Und wie sieht es mit deinem Workflow aus? Wenn du an einem Thema arbeitest, genießt du es sicherlich so manches Mal, dich selbständig, ungebunden, mit freier Zeit- und Arbeitsorteinteilung an die Arbeit zu machen. Doch mit der Zeit stellst du fest, dass dir der kollegiale Austausch fehlt und du vielleicht gern einmal Anregungen von anderen erhalten würdest. Diese kannst du dir auf kurzem Weg über verschiedene Social-Media-Kanäle einholen, doch manchmal ist etwas mehr nötig: das gemeinsame Arbeiten und Nutzen unterschiedlicher Expertise, verbunden mit einem Gefühl gemeinsamer Verantwortung. Das Erstellen von Wikis, oder das Arbeiten über google Docs oder an digitalen Pinnwänden wie ZUMPad oder padlet machen es möglich, dass jeder Einzelne eines Teams in die Produktion aller Teilergebnisse einer Aufgabe bzw. eines Projektes eingebunden wird. Wie intensiv du eingebunden sein wirst, muss immer offen bleiben und darf nicht zwingend erfolgen. Der damit verbundene kreative Austausch, das kollaborative Arbeiten, das gemeinsame Forschen und Vernetzen von Wissen binden dich sozial ein und geben dir ein Gefühl der Zugehörigkeit! Probiere es aus!

 

Lustgewinn/Unlustvermeidung

Wie viel Lust hast du derzeit zum Lernen bzw. Arbeiten? Macht es dir wirklich Spaß oder bist du eher von Unlust getrieben, weißt aber, dass es nur eine Durststrecke bis zum nächsten Urlaub ist, die du überstehen musst? Sicherlich können wir Menschen viel ertragen und längere Zeit die Zähne zusammenbeißen. Aber wir wollen nicht jeden Tag nur tun, was unlustig ist! Wir Menschen streben grundsätzlich nach erfreulichen, lustvollen Erfahrungen und versuchen schmerzhafte, unangenehme Erfahrungen zu vermeiden.

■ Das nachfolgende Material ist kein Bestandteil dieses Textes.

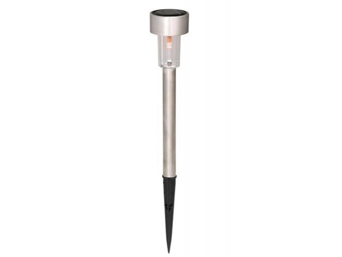 Kültéri napenergia lámpa, amelyet a földbe lehet ültetni, beépített LED fényforrással és akkumulátorral. 30 cm magas, rozsdamentes acél színű műanyag világítótest és fehér műanyag lámpabúra IP44 védelemmel a fröccsenő víz és por ellen. A világítótest nappali fényben nem működik.

Dieses Ziel macht sich auch das Gamification-Konzept zunutze. Es zeichnet sich dadurch aus, dass Spielelemente (Punktesysteme, Levels, Auszeichnungen, Ranglisten) bzw. Spielmechanismen in einem nicht spielerischen Umfeld eingesetzt werden. Dabei wird davon ausgegangen, dass deine Lust zu lernen bzw. zu arbeiten wächst, wenn deine Lern- und Arbeitsprozesse um derartige Spielelemente ergänzt werden, da deine positiven Erfahrungen mit Spielen, dein Vergnügen, das sie dir bereiten, in die Lern- und Arbeitswelt übertragen werden.

Einsatzpotenzial hat Gamification sowohl in Lernprozessen (Wissensmanagement) als auch in Arbeitsprozessen (vor allem im Personal- und Produktionsbereich). Gamification-Tools für den Lernbereich, die du allein nutzen kannst, sind z. B. LearningApps, Quizlet oder Quizizz. Da sie auch ein unmittelbares Feedback zum Lernstand geben, wurden sie bereits im Motivationsbereich Selbstwerterhöhung/Kompetenzempfinden angeführt.